Today, we’re sharing a tasty holiday side salad from our friends over at San-J:
Brussels Sprout, Fennel, & Orange Salad
Recipe by Carol Kicinski
2 pounds Brussels sprouts, trimmed and halved length-wise
½ medium Red onion, thinly sliced
1 small Fennel bulb, thinly sliced
3 Navel oranges, peeled and cut into segments
½ cup Pomegranate seeds
1/3 cup Roasted and salted pistachios, coarsely chopped
2 Tablespoons San-J Orange Sauce
2 Tablespoons Red wine vinegar
1 teaspoon Kosher or fine sea salt
½ teaspoon Freshly ground black pepper
6 tablespoons Olive oil
Bring a large pot of water to a boil and have a large bowl of ice water standing by. Drop the Brussels sprouts into the water and cook until tender, 8 – 10 minutes. With a strainer or slotted spoon, transfer the Brussels sprouts to the ice water to stop the cooking and chill. Drain well.

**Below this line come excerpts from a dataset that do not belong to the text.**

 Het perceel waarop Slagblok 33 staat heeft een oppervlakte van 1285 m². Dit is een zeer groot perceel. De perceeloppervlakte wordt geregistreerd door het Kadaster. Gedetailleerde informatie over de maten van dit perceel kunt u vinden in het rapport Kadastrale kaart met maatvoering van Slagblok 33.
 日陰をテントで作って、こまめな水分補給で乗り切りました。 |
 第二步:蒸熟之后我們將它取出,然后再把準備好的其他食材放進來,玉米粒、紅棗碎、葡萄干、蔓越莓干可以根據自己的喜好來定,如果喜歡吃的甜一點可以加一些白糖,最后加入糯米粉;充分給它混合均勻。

In a large salad bowl combine the Brussels sprouts with the sliced onion, fennel, orange segments, pomegranate seeds, and pistachios.

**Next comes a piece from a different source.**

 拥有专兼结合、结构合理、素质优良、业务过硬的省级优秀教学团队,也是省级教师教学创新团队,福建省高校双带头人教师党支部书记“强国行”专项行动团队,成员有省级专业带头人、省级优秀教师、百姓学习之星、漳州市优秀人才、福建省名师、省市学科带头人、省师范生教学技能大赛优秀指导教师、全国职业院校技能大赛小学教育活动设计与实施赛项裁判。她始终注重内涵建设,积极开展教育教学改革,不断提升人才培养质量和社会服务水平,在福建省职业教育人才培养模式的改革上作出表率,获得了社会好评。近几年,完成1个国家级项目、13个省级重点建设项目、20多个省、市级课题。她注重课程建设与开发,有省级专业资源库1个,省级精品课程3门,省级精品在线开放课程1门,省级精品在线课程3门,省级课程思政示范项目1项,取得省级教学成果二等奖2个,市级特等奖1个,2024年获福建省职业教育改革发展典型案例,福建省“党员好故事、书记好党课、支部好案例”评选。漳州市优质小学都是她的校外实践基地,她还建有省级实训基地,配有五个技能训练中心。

In a small jar, combine the San-J Orange Sauce, vinegar, salt, pepper, and olive oil and shake until fully combined. Pour over the salad and toss to coat.
To make ahead; make the dressing and store in refrigerator, covered, up to 1 week. The Brussels sprouts, onion, fennel, and orange segments can be combined and stored, covered, in the refrigerator up to 1 day ahead. Before serving, add the pomegranate seeds and pistachios and toss with the dressing.